Iran was the first export customer of Chinese C-802 missiles. The contract was signed in 1995 but was cancelled due to U.S. pressure after 60 missiles had been delivered. After that, Iran started a program to reverse engineer the C-802.

It is unknown when the programme was finished, but in 2000 and early 2001, Iran tested an upgraded C-802 missile during Unity-79 wargames. Officials said that the range of the missile is increased from 30 to 130 km.

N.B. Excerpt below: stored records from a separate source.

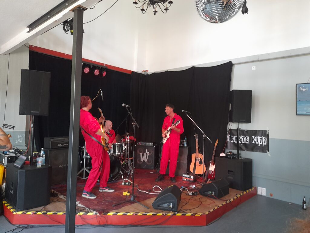 Weiter geht es mit dieser, komplett in rot gekleideten Band. Der Stil ist relativ schwer in Worte zu fassen. Laut der Bandcamp Seite von Beton de Rouge, handelt es sich um eine Mischung aus Rüttelbeton, Stampfbeton und Schockbeton. Die Begriffe habe ich jetzt zwar zum ersten Mal gehört, aber es klingt interessant. Ist es dann auch. Ziemlich punkige Texte in deutscher, französischer und englischer Sprache. Der Sound ist eher minimalistisch und ruhig gehalten, aber der Bass ist sehr präsent. Es gibt eine Leadsängerin, aber auch vom Schlagzeug kommt gelegentlich männliche Gesangsunterstützung. Thematisch für mich relativ kryptisch.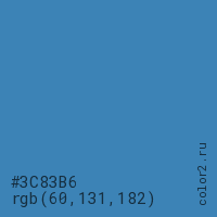 Цвет #3C83B6 в цветовой модели RGB обозначается тремя октетами (60, 131, 182) в десятичном формате и #3C83B6 в шестнадцатиричном (hex) формате, которые являются интенсивностью красного 60 (hex 3C), интенсивность зелёного 131 (hex 83) и интенсивность синего 182 (hex B6).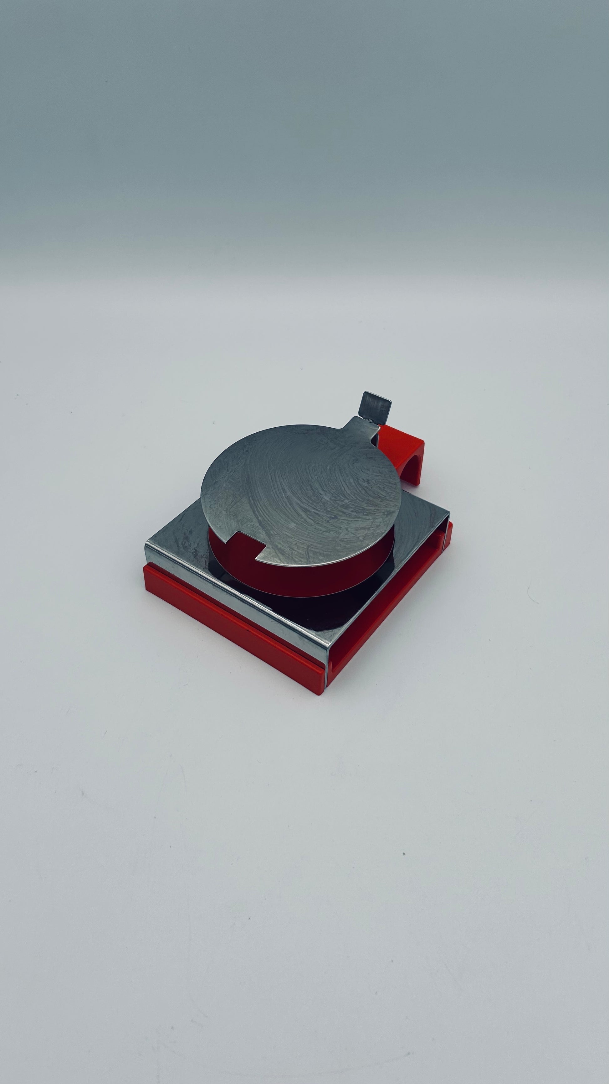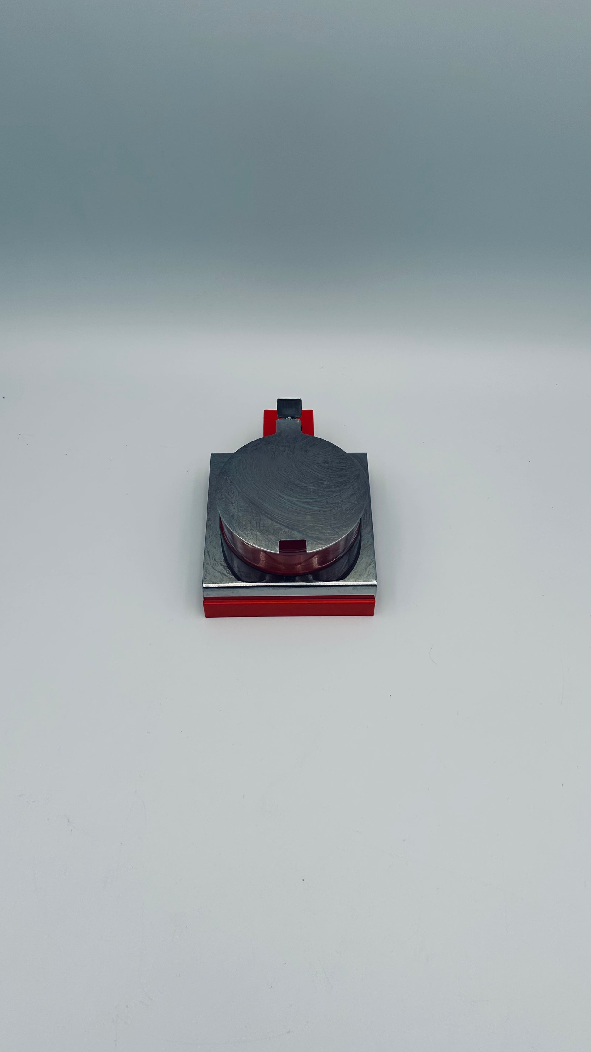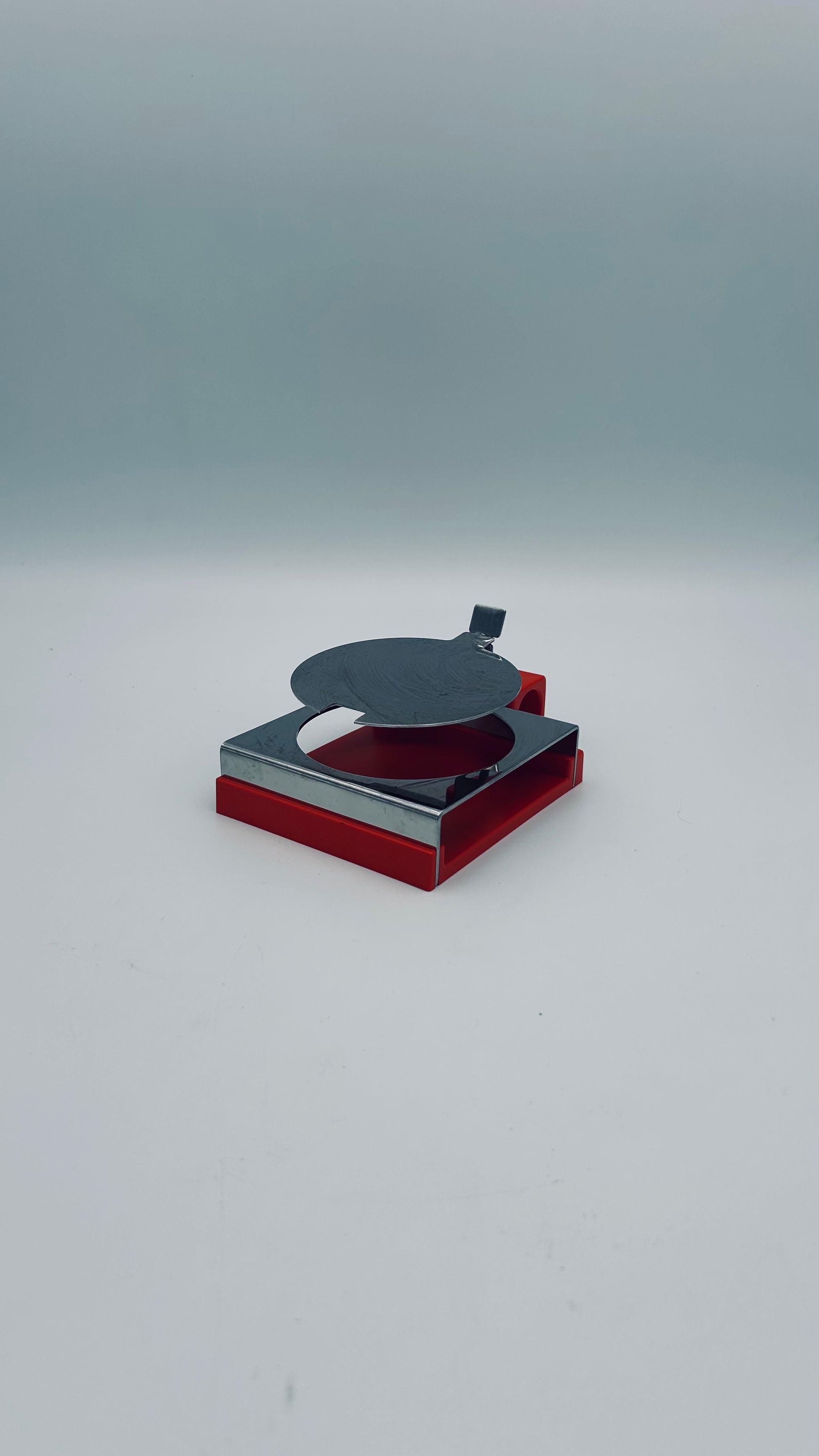 Élégant pot à parmesan en nicrosil rouge, inox et cristal, réalisé par RCR pour Abert, Italie, années 1970.

The missile is powered by Toloue-4, an Iranian version of the French Microturbo TRI 60 engine.

In January 2004, Iran announced that it has started manufacturing the DM-3B mono pulse radar for the Noor missile. According to Iranian officials, DM-3B is a millimeter-wave active radar used in the last stage of missile flight to find the target and home-in the missile on it. Because of its frequency, it is very hard to jam the radar, which is located inside the nosecone.

In 2006, it was announced that the missile's range has been increased further to 170 km.

In 2011, another variant called Qader was unveiled by Iran with a range of 200 km and the ability to attack coastal targets. A video of the missile hitting its coastal target was published by the Iranian media.

In early 2012, during Velayete-90 wargames, a Noor missile was tested with improvements in electronic systems, a more jam-resistant radar and better target acquisition algorithms. A Qader missile was also tested in the wargame.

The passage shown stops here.